Digital PCR was performed on the QX200 ddPCR™ System (Bio-Rad) to validate low VAF (2.5–10.3%) variants in 59 samples (Supplementary Data 4). ddPCR reaction mixes were prepared with template gDNAs, ddPCR Supermix (Bio-Rad) and TaqMan primer-probe mixtures, and partitioned into oil droplets (~20,000) generated by the QX200 droplet generator. The droplets were then thermal-cycled using Veriti 96-Well Thermal Cycler (Life Technologies). Amplified droplets were imaged on the QX200 droplet reader (Bio-Rad), and analyzed by QuantaSoft™ software (Bio-Rad). The concentration of the nucleic acid sequence targeted by the FAM and VIC or FAM and HEX dye labeled probes was estimated using Poisson distribution.

Classification of variants

We classified all variants into three tiers (Supplementary Table 2). Tier 1 variants included the variants that were listed as therapeutic targets by the Korean MFDS or the US FDA as well as those that have been reported to be candidates for clinical trials (Supplementary Data 8). Both CancerSCAN V1 and V2 panels covered all positions of the tier 1 variants.
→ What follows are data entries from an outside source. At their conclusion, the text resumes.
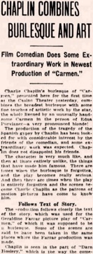 Charlie Chaplin‘s burlesque of Carmen, presented
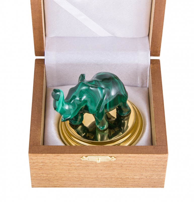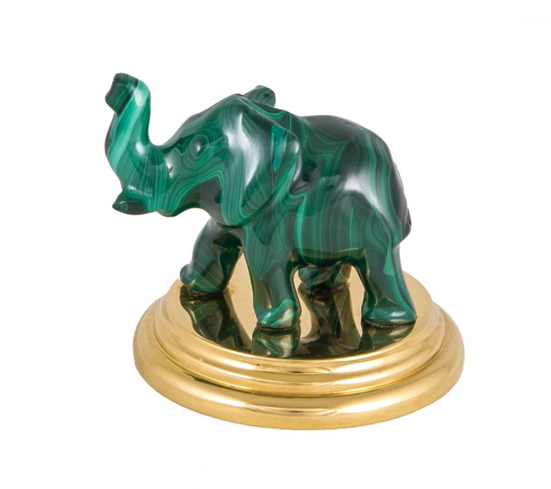 Сувенир "слон" (малахит). Материал: латунь, малахит. Покрытие: золотом 999,9; никелем. Техника исполнения: токарные и слесарные работы, полировка. Материал: латунь, агат, хрусталь. Покрытие: золотом 999,9; никелем. Техника исполнения: художественное литье, токарные и слесарные работы, рисовка кистью на металле, многоступенчатая гравировка иглой по лаку, травление, ручная подрезка, полировка. Размеры: ширина - 35 мм. высота - 60 мм. Покрытие Гальванический метод
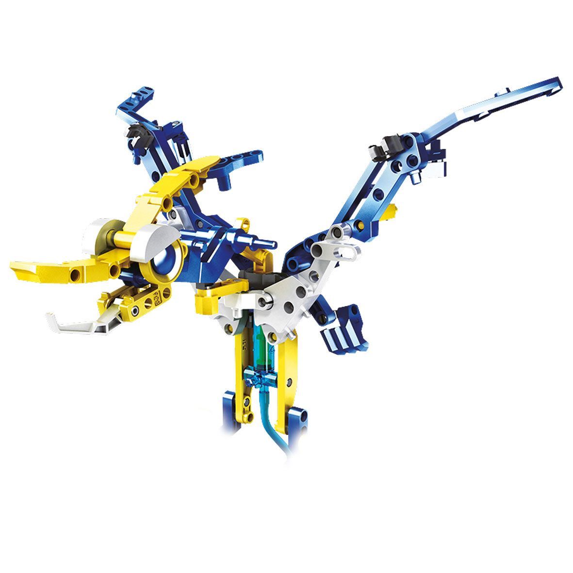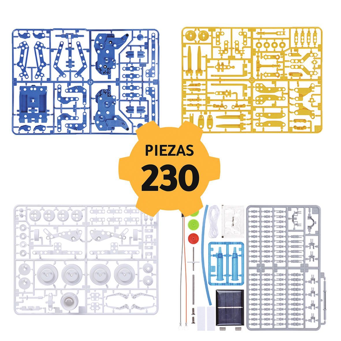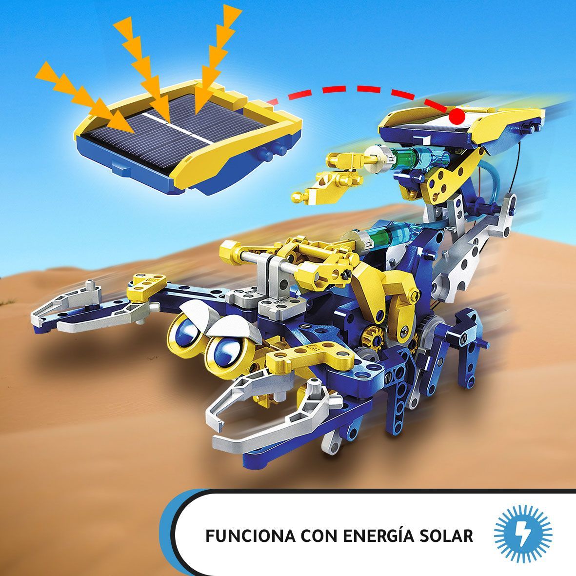 Con el nuevo Taller de Robótica puedes montar hasta 12 robots diferentes. Funciona con energía solar y propulsión hidráulica. Durante el montaje aprenderán cómo funciona la transmisión de energía y el proceso de transformación de la luz a energía eléctrica.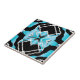 Modern vibrant decorative ceramic tile design featuring a seamless pattern made of abstract shapes in turquoise, black and white.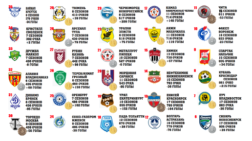 Турнирная таблица за всю историю Первого дивизиона + ФНЛ. Кто суммарно набрал больше всего очков?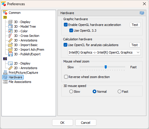 When enabling the OpenGL 3.3 option for the first time, you can perform a short, one-minute test that tests the display performance of the graphics card. It is recommended that you perform this test to ensure that OpenGL 3.3 acceleration is working properly.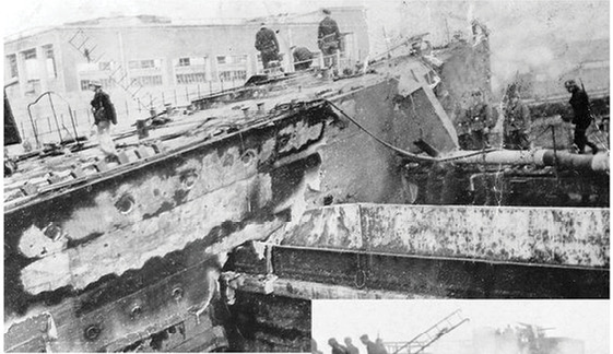 W rezultacie rankiem następnego dnia, już kilka godzin po zakończeniu strzelaniny, pokład roztrzaskanego okrętu zapełniały tłumy zwiedzających żołnierzy, przede wszystkim oficerów. Podziwiają ślady walki, widoczne na nadbudówkach i burtach. ■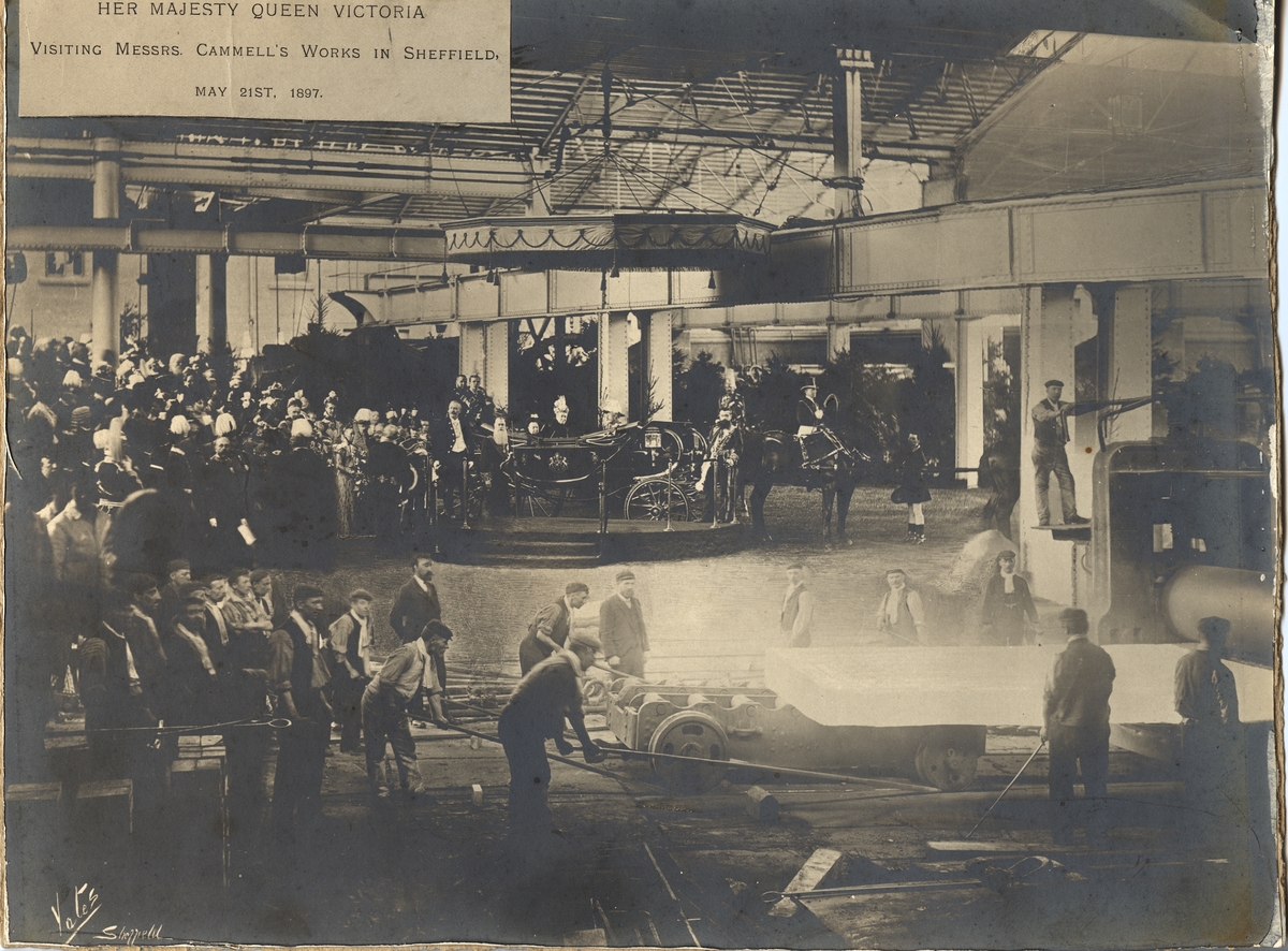 "Her Majesty Queen Victoria, visiting Messrs Cammell's work in Sheffield, may 21st 1897".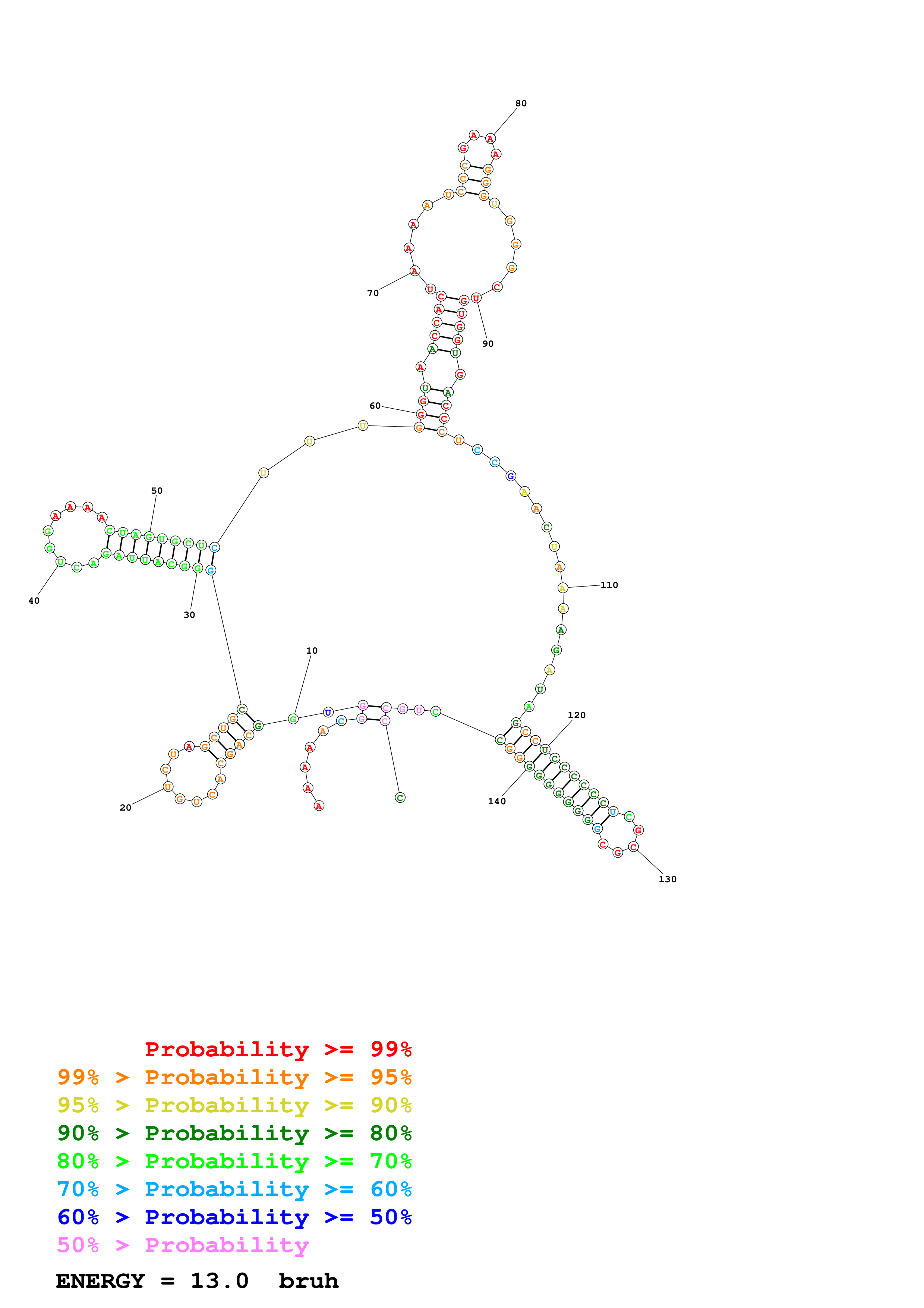 (Generate a structure or structures composed of highly probable base pairs. This is an alternative method for structure prediction that may have higher fidelity in structure prediction.)

Tier 2 variants included any mutation that was reported in COSMIC (version 64). For gene fusions, those involving a target gene and a known partner (in COSMIC) as Tier 1 and a novel partner as Tier 2. Tier 3 variants included all other mutations. “Actionable” variants in Fig. 5c are Tier 1 variants; “known” (but not actionable) alterations are Tier 2 variants. Most of our analysis deals only with the actionable (tier 1) variants that were in both versions. Some figures (Fig. 5c, Supplementary Fig. 4, and Supplementary Fig. 8) only include CancerSCAN V2 patients for a fair comparison of non-actionable proportions.

Data availability

The data that support the findings of this study are available on request from the corresponding author (W.-Y.P.). The raw data are not publicly available due retroactively collected samples not having explicit consent for sharing of raw data.